About – How It Started

Michael Adams graduated from university during a recession. With job offers for new graduates scarce, he and two co-founders, David McFadden and John McNaughton, launched a company grounded in their academic interest in studying social issues. A subsequent partnership between Michael Adams and Derek Ruston helped Environics build its strength as a business. This balance – between curious exploration and commercial success – remains central to Environics’ culture.

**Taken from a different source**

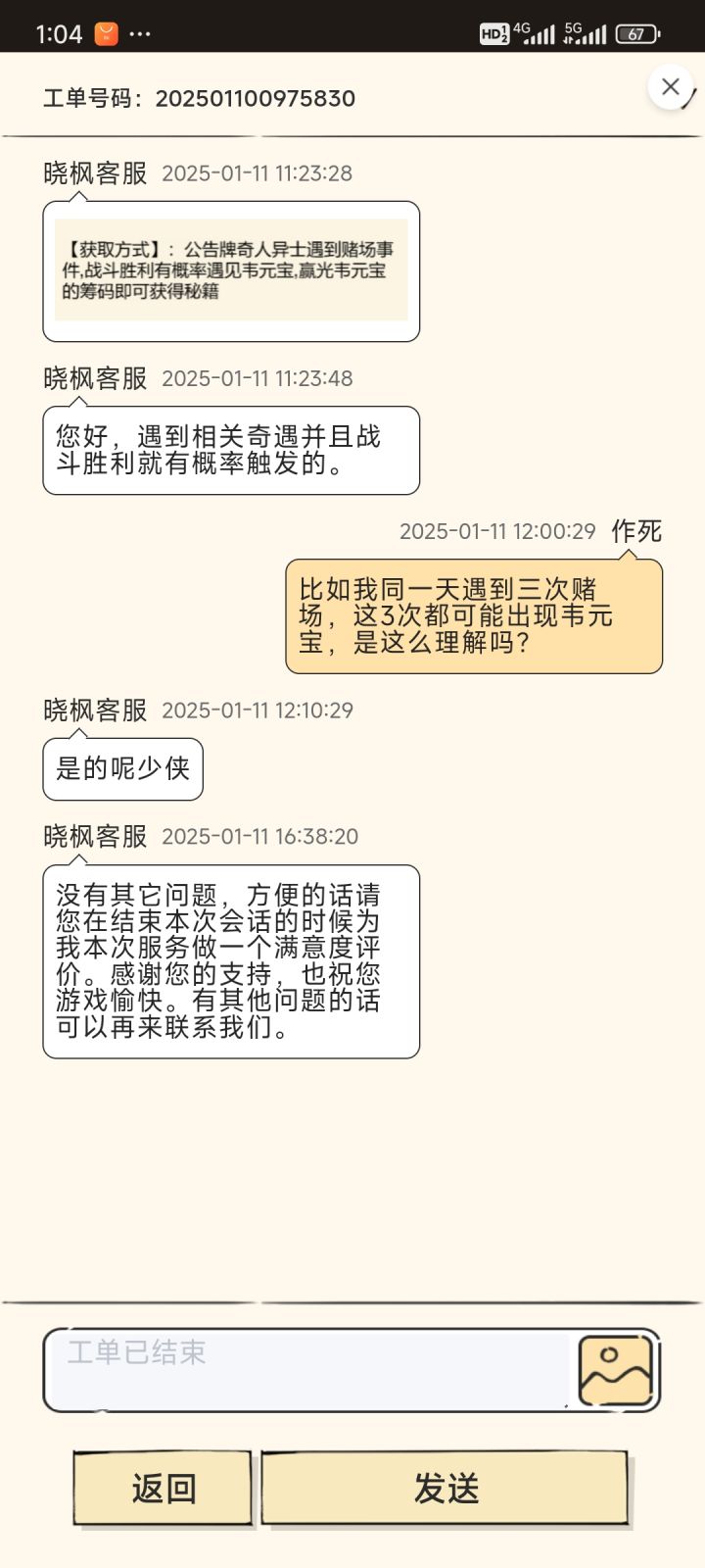 关于赌场奇遇,客服的答复是:一天内多次遇到赌场,任何一次都有机会触发韦元宝,不仅限于第一次。QQ群内大佬们的说法是:一天内多次遇到赌场,只有第一次赌场才有几率遇到韦元宝。

Solutions – Social Values in Canada

Commencing our social values research program in Canada and around the globe in 1983, Environics became the first firm to bring social values measurement to Canada. The Environics Research Social Values measurement system measures the prevalence, growth, and decline of social values across society, as well as the concentration of values in particular social groups, such as youth or city-dwellers. Our annual surveys of thousands of Canadians let us measure and track social change over time. Since 1983, we’ve built the largest database of social values trends in North America, encompassing over 100 distinct constructs.

Book – Sex In The Snow

Sex in the Snow: The Surprising Revolution in Canadian Social Values was the first book by Environics founder Michael Adams describing findings from Environics social values research. A national bestseller, it argued that demography was not destiny – that values shape people’s lives and choices alongside characteristics like age or gender – it divided the Canadian population into 12 values segments across three generations: Elders, Baby Boomers, and Generation X.

Book – Fire And Ice

Drawing on a decade of social values research conducted on both sides of the Canada-U.S. border, Michael Adams’s third book was Fire And Ice: The United States, Canada and the Myth of Converging Values. It argued that despite the two countries’ profound economic integration, their many historical, demographic and geographic similarities, and the ubiquity of American popular culture in Canada, Canadians and Americans increasingly saw the world differently.

News – Donner Prize

Fire and Ice: The United States, Canada and the Myth of Converging Values won the 2003/2004 Donner Prize for Best Public Policy Book by a Canadian, praised as “an outstanding book that addresses a critical issue underlying many current policy arguments.” It was also selected by the Literary Review of Canada as one of the hundred most important books ever published in Canada.